The numerous characters which flood the pages of "Coney" never have a chance to develop themselves. Even the most sympathetic of them, the tormented boarder-poet Aba and the drastically overweight Queen Fifi, always seem on the verge of becoming authentic characters, but Ducovny never permits them the time or consequence in the narrative to evolve. The central character, the youthful Harry Catzker, bounces between being a wise, nearly dispassionate observer and a sympathetic, frustrated teen-ager shackled by his immigrant parents and stunted by the poverty-induced decadence of Coney Island life in 1930s Brooklyn.

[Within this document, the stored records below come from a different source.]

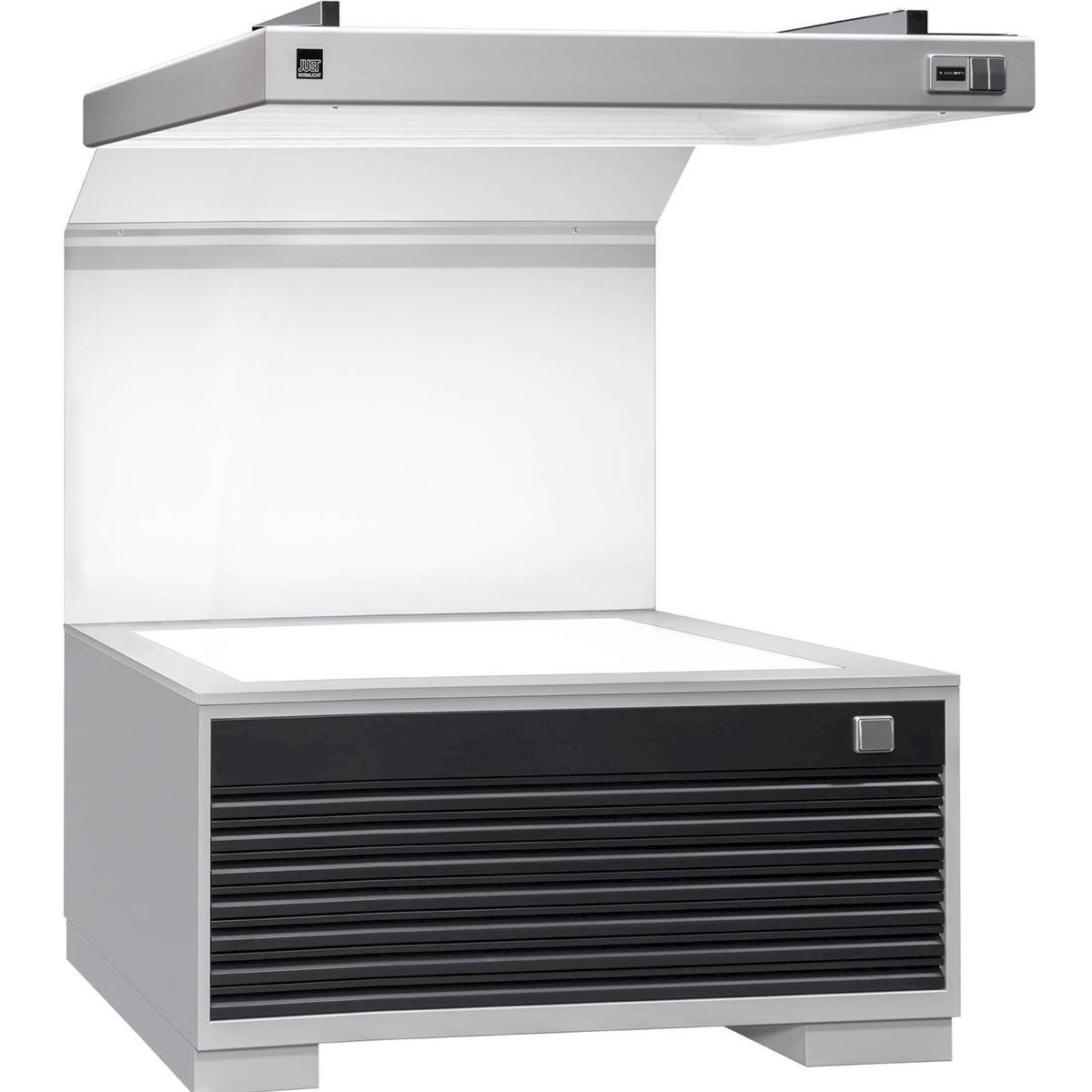 • The classic colour viewing combination that consists of a colour proofing light and a cabinet for storing prints and proofs will now be extended with a transmissive lighting unit. Thereby standardised D50 lighting is available from above and below.
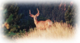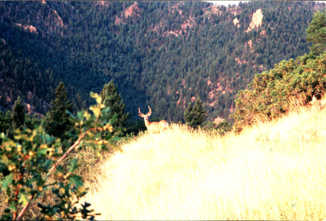 Silhouetted by the backdrop of Blodgett Peak was a buck muledeer and three young females. The females quickly bounded off when we happened upon them, but the young buck stood and stared at us. He posed for a while, allowing Scott to snap a couple pictures, one with Blodgett in the background (shown above) and a closer shot (shown to the left). We stood for about a minute staring at each other before he too bounded off in the brush never to be seen by us again. |
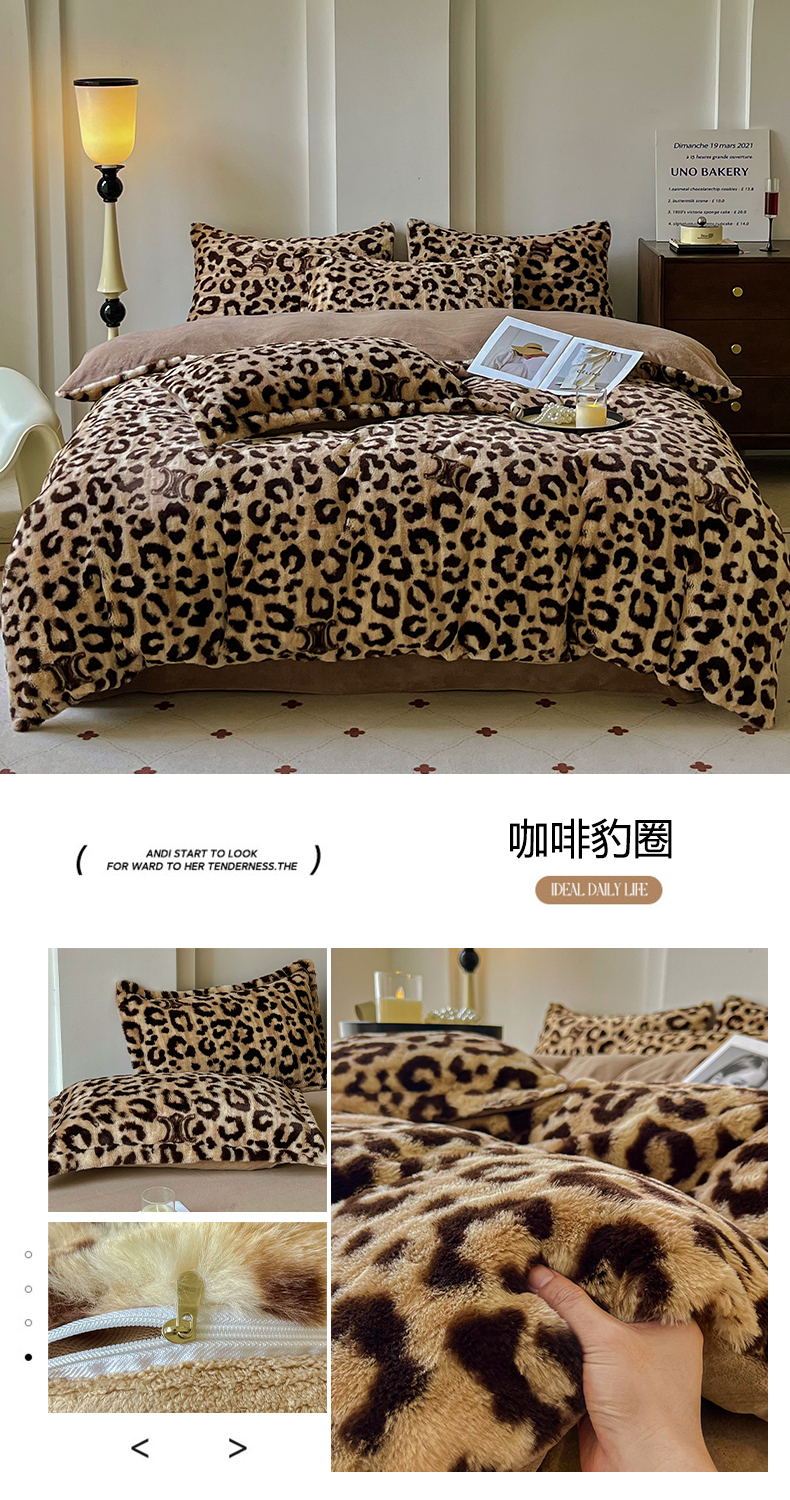 商品名称:梦纤绒 2025新款亲肤舒适兔毛印花牛奶绒保暖四件套一美拉德系 咖啡豹圈
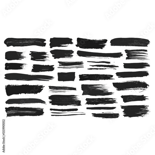 Artistic black paint brush strokes on Transparent Background
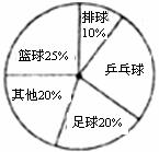 (2)在扇形统计图中,“乒乓球”部分所对应的圆心角是多少度?
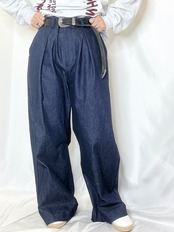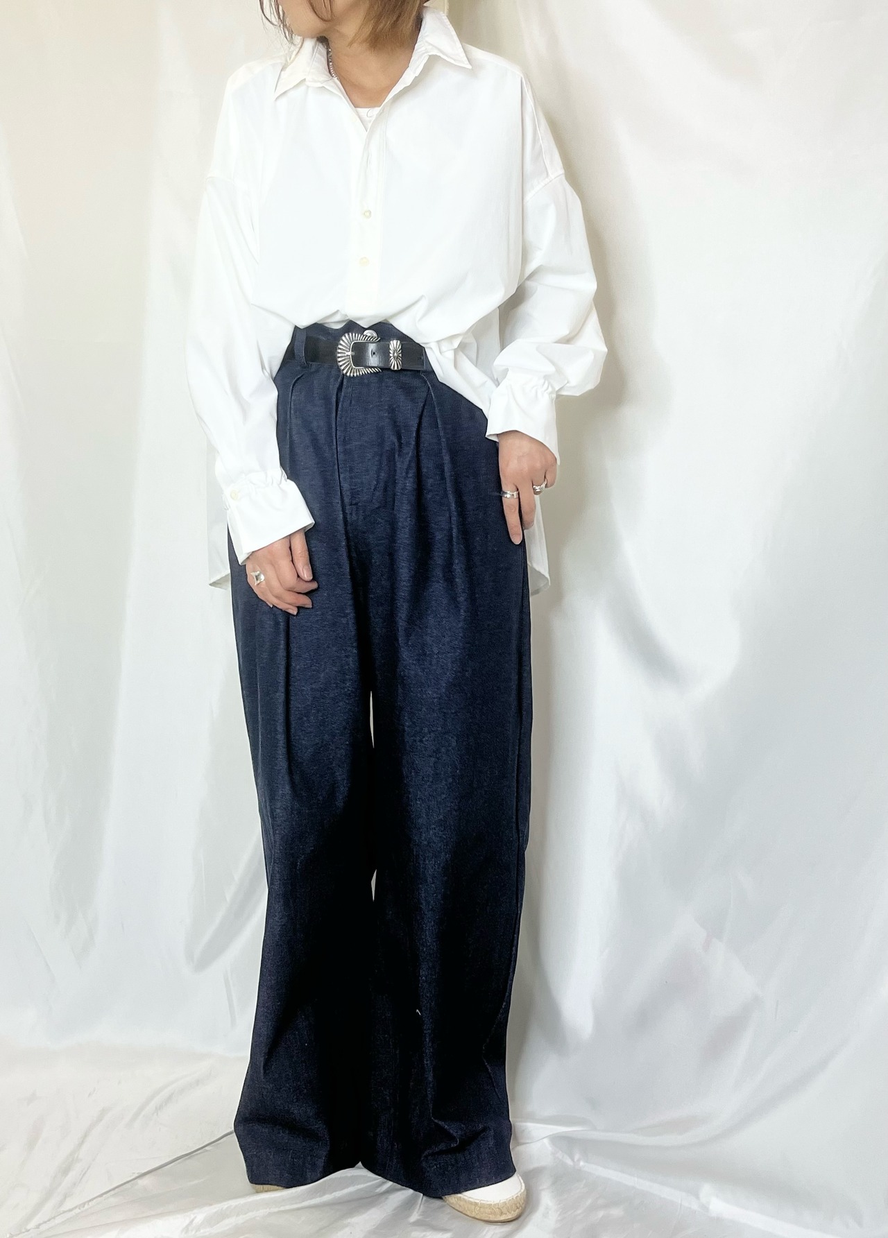 少しヒップハングで履いてもらうとワイドパンツに見えます。
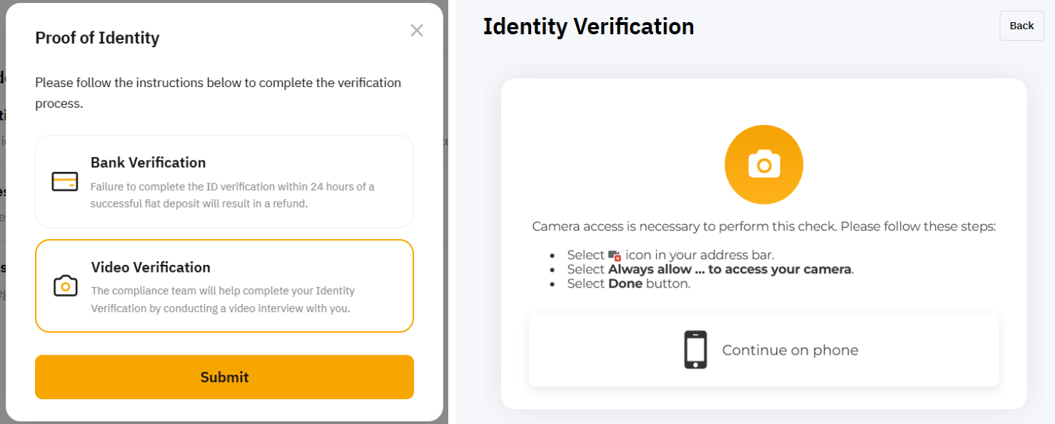 Der Identitätsnachweis umfasst zwei Arten von Verifizierungsmethoden: Bank und Videoverifizierung. Um Ihren Identitätsnachweis zu verifizieren, müssen Sie einen der folgenden Verifizierungsprozesse abschließen:
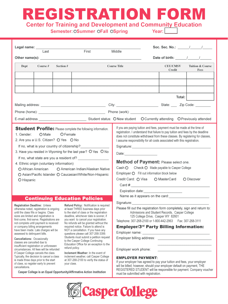 Get the free REGISTRATION FORM - Casper College - caspercollege
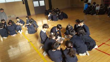 今朝の児童集会は、6年生抜きで行いました。6年生に送るお祝いカードを作るためです。5年生の副リーダーが中心となって作製しました。子ども達の思いがこもった作品になりました。
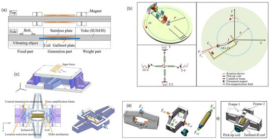 (a) Structural diagram of a magnetostrictive vibrational energy harvester made of iron–gallium alloy [58]. (b) Schematic diagram of the movement of a bistable magnetostrictive vibration collector in a revolving coordinate system [60]. (c) Structural diagram of a magnetostrictive two-dimensional kinetic energy collector [61]. (d) Structural diagram of a two-stage rhombus-shaped magnetostrictive vibrational energy harvester device [63].
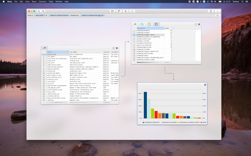 Warp allows you to convert and analyze (very) large databases with ease at the speed of light. In Warp, you work on a small subset of the data, after which Warp repeats your actions on the entire dataset. Unlike most data analysis apps, you do not have to type any codes in Warp.
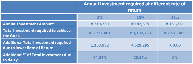 As shown in above chart, at 12% Rate of Return annual investment required is 1.51 lacs and total investment required is 25.73 lacs where as at 10% Rate of Return annual investment required is Rs.1.82 and total investment required to achieve goal is 31.02 lacs. So at 10% Rate of Return on investment , total investment required increases by 5.29 lacs which is 21% higher as compared to investment done at 12% Rate of Return. Similarly in case of investment done at 8% returns annual investment required is Rs. 2.19 lacs and total investment required to achieve the goal is 37.27 lacs. So at 8% Rate of Return one has to invest Rs. 11.53 lacs more to achieve education goal as compared to investment to be done at 12% Rate of Return.
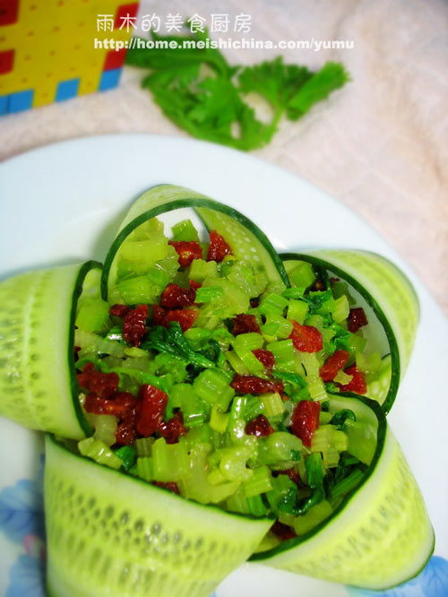 及以下步骤:番茄切碎。 西芹碎和叶,番茄碎加入盐,香油拌均匀。 腌10分钟后,倒入刚摆的黄瓜花中。 嫩芹叶用水焯下就捞出。 嫩芹用水焯下。 黄瓜条用手卷一下,摆成五个花瓣形。 嫩芹切碎。 番茄切碎。 西芹碎和叶,番茄碎加入盐,香油拌均匀。 腌10分钟后,倒入刚摆的黄瓜花中。
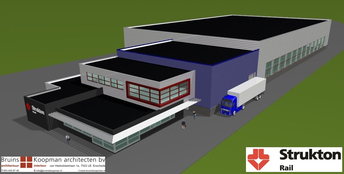 De eerste drie afbeeldingen tonen een artist impression van de nieuwe werkplaats Strukton Rail.
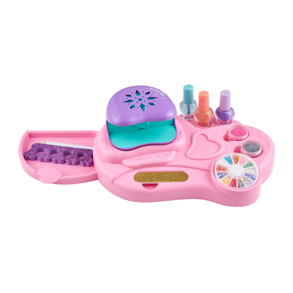 Turn playtime into a dazzling beauty experience with this nail polish toy set! The storage tray keeps every accessory neat and tidy, while a folding tray at the bottom adds extra space to keep their play area tidy. Plus, it includes a automatic nail dryer lamp. Pop your fingers in, and a cool blue light turns on for a realistic touch. With three vibrant polishes plus sparkling glitter and beads, kids can create endless designs. It is a fantastic way to spark creativity and develop fine motor skills, letting every child feel like a true nail artist.
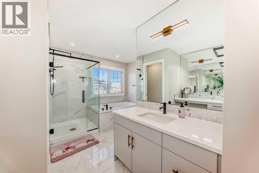 Step into luxury and sustainability with this stunning 4 bedroom, 3.5 bathroom Jayman-built masterpiece, ideally located in Mahogany—Calgary’s 6-time award-winning Community of the Year! Boasting over 3,000 SQ FT of beautifully designed living space and more than $100,000 in premium upgrades, this home perfectly blends modern elegance, comfort, and efficiency.The open-concept main floor showcases a chef-inspired kitchen with a sleek waterfall island, quartz counters, and upgraded oversized windows that bathe the space in natural light. 8-foot door frames and refined architectural details enhance the home’s elevated feel, while the primary suite offers a private retreat featuring a tray ceiling with ambient lighting and a spa-like atmosphere.Upstairs, a spacious bonus room provides the perfect space for a family lounge, media area, or home office—offering flexibility to suit any lifestyle. Every window throughout the home is dressed with Hunter Douglas blinds, including blackout blinds in all upstairs bedrooms for peaceful rest and energy efficiency.The fully finished basement extends your living area with a generous recreation space and a full bath equipped with a bidet, combining comfort and practicality for family or guests.For those who value innovation and convenience, this home features 6 rooftop solar panels for energy savings and sustainability. The garage is equally impressive with epoxy flooring, a Proslat wall hanger system, and two EV charger sockets—ideal for modern living. The exterior is enhanced by Gemstone permanent lighting installed on both the front and back, fully smartphone-controlled for customizable, year-round ambiance.Step outside to your beautifully landscaped backyard, complete with maintenance-free artificial grass and direct access to a peaceful green pathway—with no rear neighbors and serene open views that create a private oasis for outdoor relaxation.Located minutes from the Mahogany Lake & Beach Club, residents enjoy excl usive lake access, scenic walking trails, and four-season recreation. The nearby Seton Urban District offers restaurants, shopping, the YMCA, and South Health Campus, while schools, playgrounds, and parks are all close by. Easy access to Deerfoot and Stoney Trail ensures convenient commuting across Calgary.Experience award-winning design, sustainable innovation, and over 3,000 SQ FT of elevated living—welcome home to 120 Magnolia Manor SE. (id:53676)

"Coney" is not without merit, and Ducovny certainly has a wonderful ear for dialogue. His insertion of periodic conversations between Harry (Hershele) and Aba ring with symbolic and literal truth. These brief "Cherry Tree" interludes are, to me, the best part of the novel. Ducovny also excels in revealing the tension between immigrant parents and their children; his portrait of the friction between Harry's embittered mother and his repressive maternal grandmother crackle with genuine anger and betrayal.
However, the novel never escapes its tendency towards romanticizing, even stereotyping, its characters. His compassionate portraits of the profound misery felt by Coney's sideshow freaks seem both predictable and staged; each "misfit" seems to possess a nobility born of underserved suffering. This "heart-of-gold" touch wears thin quickly. The nefarious gangsters have all the believability of bad guys from 1930s B movies. Even Ducovny's foreshadowing of of the horrors of the Holocaust seem to be literary cliches rather than engendering fear of the ominous signs of genocidal catastrophy.
Despite its good intentions, "Coney" never escapes its flaws. Readers who desire insight into Jewish-immigrant life in New York, the depressing life of side-show freaks or commentary on the seemingly endless nastiness of life in general would be better served by reading more competent treatments.